Abu Dhabi’s TII Launches Falcon-H1 Arabic, Establishing the World’s Leading Arabic AI Model

TII · Mar 17 · NLP LLM

Abu Dhabi’s Technology Innovation Institute (TII) has launched Falcon-H1 Arabic, a new large language model based on a hybrid Mamba-Transformer architecture. The Falcon-H1 family comes in 3B, 7B, and 34B parameter sizes and outperforms existing models on the Open Arabic LLM Leaderboard (OALL). The model features improvements in data quality, dialect coverage, and long-context stability. Why it matters: This release strengthens the UAE's position in Arabic AI and provides a high-performing model tailored to the linguistic and cultural needs of the region.

SectEval: Evaluating the Latent Sectarian Preferences of Large Language Models

arXiv · Mar 13 · NLP LLM

The paper introduces SectEval, a new benchmark to evaluate sectarian biases in LLMs concerning Sunni and Shia Islam, available in English and Hindi. Results show significant inconsistencies in LLM responses based on language, with some models favoring Shia responses in English but Sunni in Hindi. Location-based experiments further reveal that advanced models adapt their responses based on the user's claimed country, while smaller models exhibit a consistent Sunni-leaning bias.
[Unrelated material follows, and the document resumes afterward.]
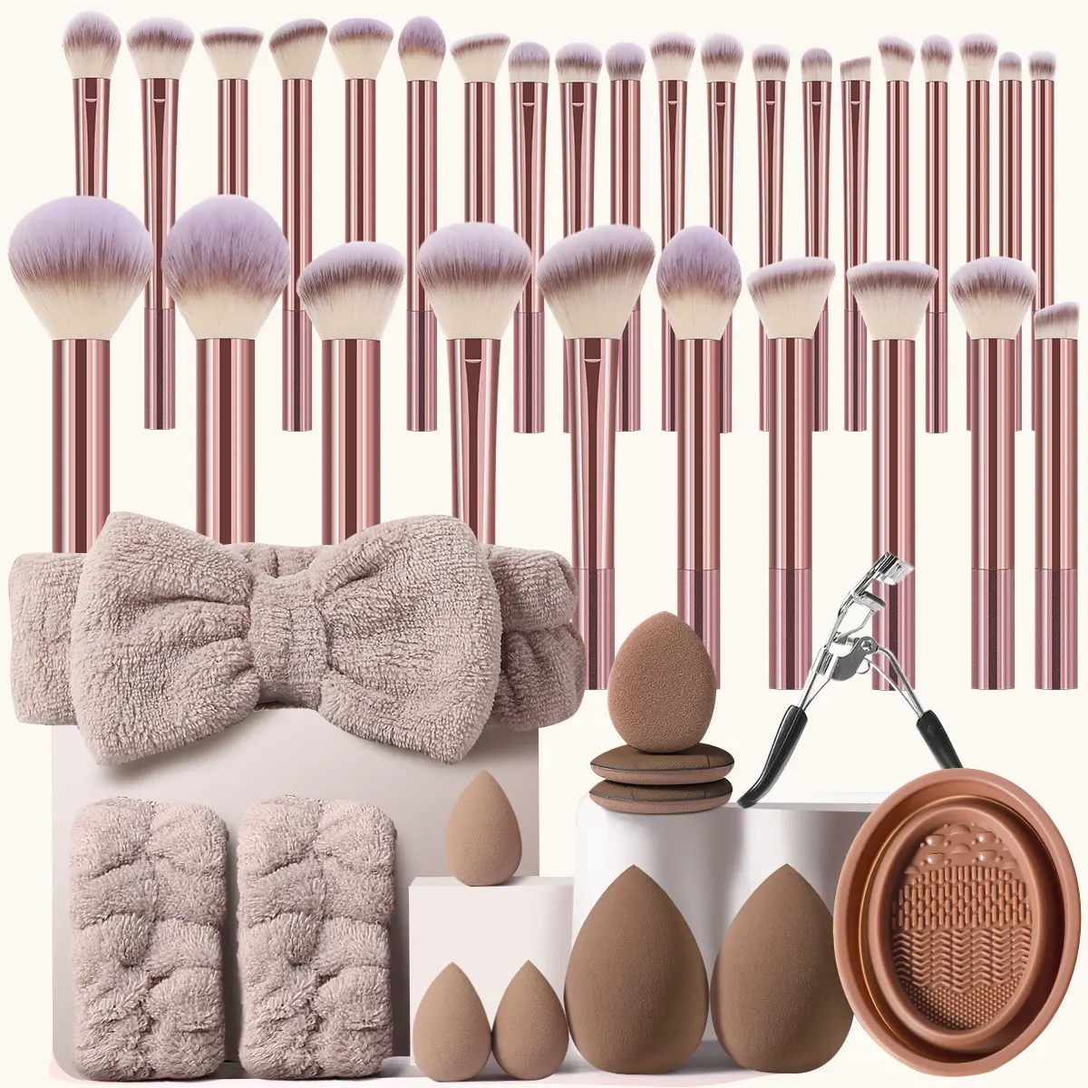 The set includes 30 high-quality makeup brushes with soft, dense synthetic bristles, ideal for foundation, eyeshadow, blush, concealer, and highlighter. It comes with 2 standard makeup sponges and 3 mini sponges for smooth, even base application, as well as 3 mini air cushion powder puffs for precise touch-ups and setting.

Beyond the Resumé: A Rubric-Aware Automatic Interview System for Information Elicitation

arXiv · Mar 2 · NLP LLM

MBZUAI researchers have developed an automatic interview system that uses LLMs to elicit nuanced, role-specific information from job candidates, improving early-stage hiring decisions. The system updates its belief about an applicant's rubric-oriented latent traits in a calibrated way based on their interview performance. Evaluation on simulated interviews showed the system's belief converges towards the simulated applicants' constructed ability levels.

ArabicNumBench: Evaluating Arabic Number Reading in Large Language Models

arXiv · Feb 21 · NLP LLM

The paper introduces ArabicNumBench, a benchmark for evaluating LLMs on Arabic number reading using both Eastern and Western Arabic numerals. It evaluates 71 models from 10 providers on 210 number reading tasks, using zero-shot, zero-shot CoT, few-shot, and few-shot CoT prompting strategies. The results show substantial performance variation, with few-shot CoT prompting achieving 2.8x higher accuracy than zero-shot approaches. Why it matters: The benchmark establishes baselines for Arabic number comprehension and provides guidance for model selection in production Arabic NLP systems.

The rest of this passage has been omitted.